The 5 Golden Boys of Football: The Most Important Players to Ever Grace the Game

The 5 Best Football Players in History

The recent passing of Johan Cruyff, one of the greatest football players ever to grace the game, left a massive hole in the sport. Here, Green Beans take a look back through footballing history, taking you through the key generations which saw certain players take the sport to a new level. Here are the 5 Golden Boys of Football...

1950s - Alfredo Di Stéfano

Regarded by many as the most complete footballer to ever play the game, Alfredo Di Stéfano was an Argentinian goal machine who made a very successful name for himself at Real Madrid.

Di Stéfano helped put Real Madrid on the football map, scoring 216 goals in just 282 appearances for the club. It's hard to imagine Real Madrid being the powerhouse they are today without the influence of their greatest ever player. Over half of their European Cup triumphs came in the Di Stéfano era.

1960s - Pelé

Voted the greatest player to ever play the game, Pelé was a true football magician, who influenced some of the greatest teams.

Enjoying the peak of his career with Santos in the 60s, Pelé became the youngest ever player to score in a world cup final. Pelé is still the only man to lift three world cups, with his final one being at the heart of the greatest ever team in the 1970 final. Brazil are regarded as the most successful international team, and much of that success is down to their greatest ever player.

1970s - Johan Cruyff

Blessed with unique skill and one of the most intelligent football minds, Johan Cruyff took football to a whole new level by implementing 'total football'.

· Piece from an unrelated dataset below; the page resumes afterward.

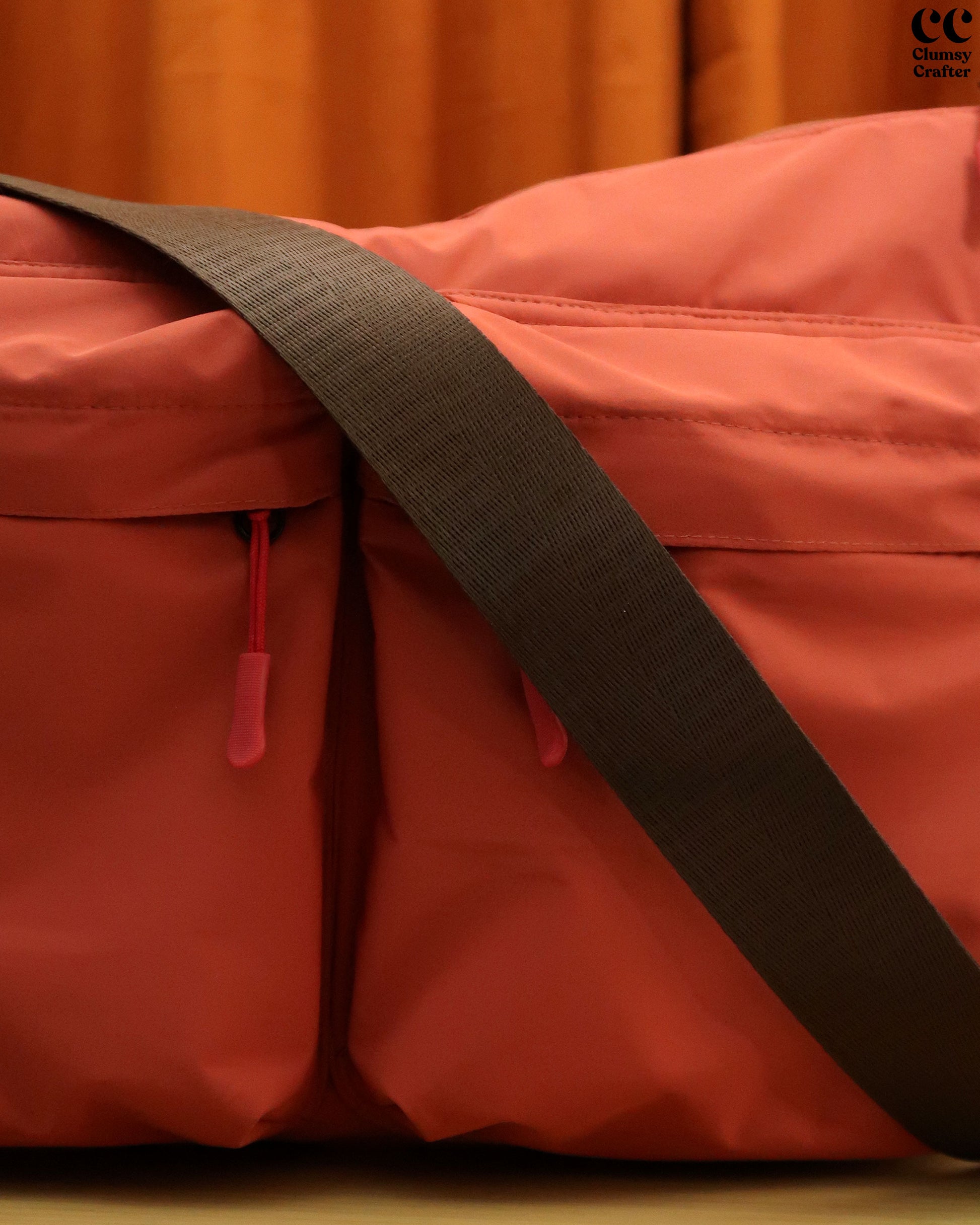 The shoulder strap is also polyester, adding to its lightweight comfort.

The Dutch masterclass, Johan Cruyff, enjoyed three consecutive European Cups with the unfancied Ajax in the 70s, along with a world cup final with Holland, which they really should have won. Cruyff carried this new brand of football forward into his coaching career where he rebranded Barcelona's whole philosophy of playing football. The recent success of Barcelona would not have been achieved without Johan Cruyff's influence.

1980s - Diego Maradona

Where Cruyff and Pele influenced and lead great teams to success, the world saw its first global 'solo' superstar in the 1980s - Diego Maradona.

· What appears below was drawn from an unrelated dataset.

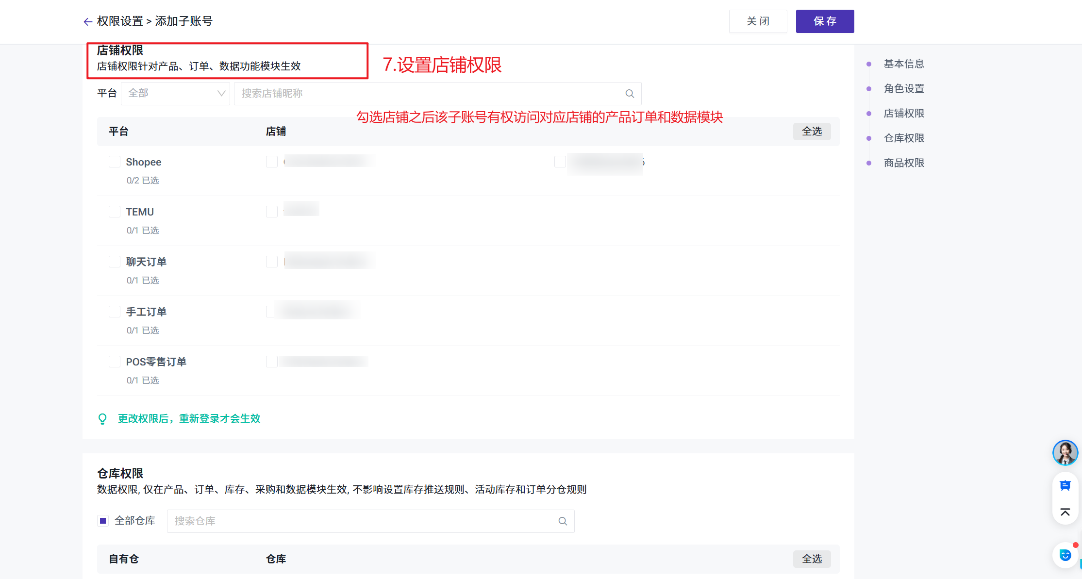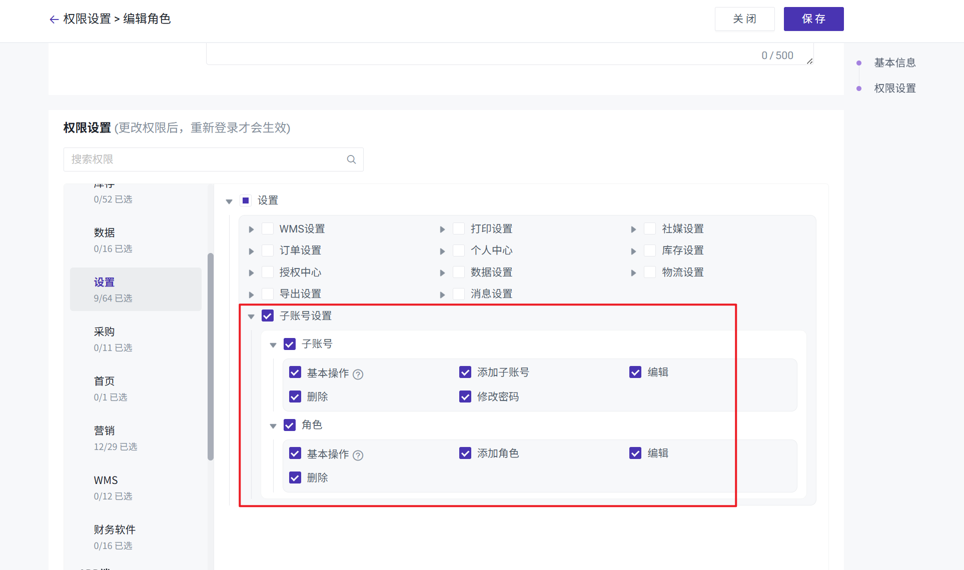 注意事项:修改子账号权限后,不需要重新登录也能生效。

The Argentina forward was small, but ever so gifted, able to take on three or four players before scoring a goal - as England found out in the 1986 world cup. Argentina of 1986 were not the best team of that tournament, but Maradona was by far the best player. This was the era that saw one man carry a team - a feat that hadn't, and will never be achieved again.

1990s - Zinedine Zidane

Just when we thought we'd seen it all, along came a Frenchman that would revive the sleeping giant and take France to new heights - Zinedine Zidane.

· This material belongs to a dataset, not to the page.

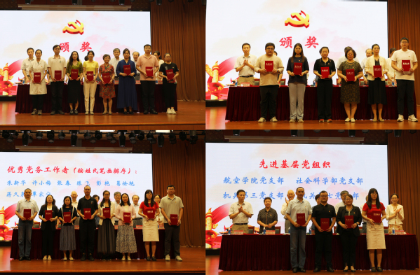 在雄壮的国歌声中,大会拉开序幕。董事长、党委委员曹助我宣读“两优一先”表彰决定。授予万黎黎等19名同志学校“优秀共产党员”称号,授予朱新华等8名同志学校“优秀党务工作者”,授予航空学院党支部等4个党支部学校“先进基层党组织”称号。

Bought by Real Madrid from Juventus, for a then world record fee, Zidane proved to be worth every penny. Zidane scored the greatest Champions League final goal of all time with his sublime weaker foot volley in the 2-1 win over Bayer 04 Leverkusen. Zidane also helped France win the world cup for the first time in their history, scoring two goals in the 1998 final, and then following it up with a masterclass performance at Euro 2000, pushing France to another trophy. Zidane won every trophy imaginable, and was voted world player of the year three times.

Who is next?

We've seen some terrific players during and since the Zidane era, such as Ronaldinho, Cristiano Ronaldo and Lionel Messi, but are any of these players worthy of turning the Golden 5 into the Golden 6? Players can only truly be judged at the end of their career. Maradona won a world cup single-handily, which Messi and Ronaldo have both failed to do.  Ronaldinho did win a world cup, but you could argue he wasn't the main influence of the 2002 success, in the same way Pele and Zidane were in their successes. Also, have any of the current batch of players influenced the sport as much as Cruyff did over two generations?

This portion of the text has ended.